I have a teacher pension and will have been teaching 30+ years at 57, but I need to do some research into paying more into it. I don’t know if it’s worth having a SIPP and a teacher pension?

I’m a higher rate tax payer and the calculations online say £17k a year. So do I need to prioritise this or is it decent enough?

My ISA is 4.1% so weirdly the exact same as my mortgage, I hadn’t realised that.

I realise I have already messed up, as I have transferred the entire lot into a savings account this week and above someone has said don’t put more than £85,000 in the same account for the fcis protection 🤦🏽‍♀️ I knew that too and just forgot. But the app isn’t working today so I can’t get it out again.

I don't think any bank is going to go bust overnight to tonight.

Re the pension, is that £17k at age 57?

Re SIPP, you don't need one, via the teacher's pension you can pay AVCs (additional voluntary contributions) which go into a separate scheme, most likely lower fees than a SIPP, but separate to the main pension - it's worth looking into that.

What I would do is make the additional payments via salary, and calculate them to bring you into the lower rate tax band (give yourself an extra £1k headroom, so £1k under the higher rate tax band, to account for savings interest that may be taxable) then use the cash to supplement your lifestyle.

It doesn't have to be an all or nothing approach.
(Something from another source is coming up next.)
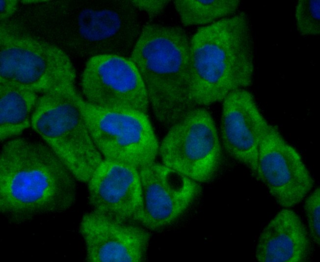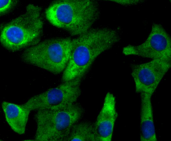 Fig2: ICC staining CD137 (green) in A431 cells. The nuclear counter stain is DAPI (blue). Cells were fixed in paraformaldehyde, permeabilised with 0.25% Triton X100/PBS.

You can do as above with, say, £12k pa (however much it works out), pay £50k off the mortgage to shorten the term (note advice above about divorce), put £20k aside each for next year ISA (maybe park that in premium bonds til April) and put some in a high interest account (if you can find one! - use this as the feeder account for the daily spending) and say £10k into an investment dealing account and buy a basic tracker.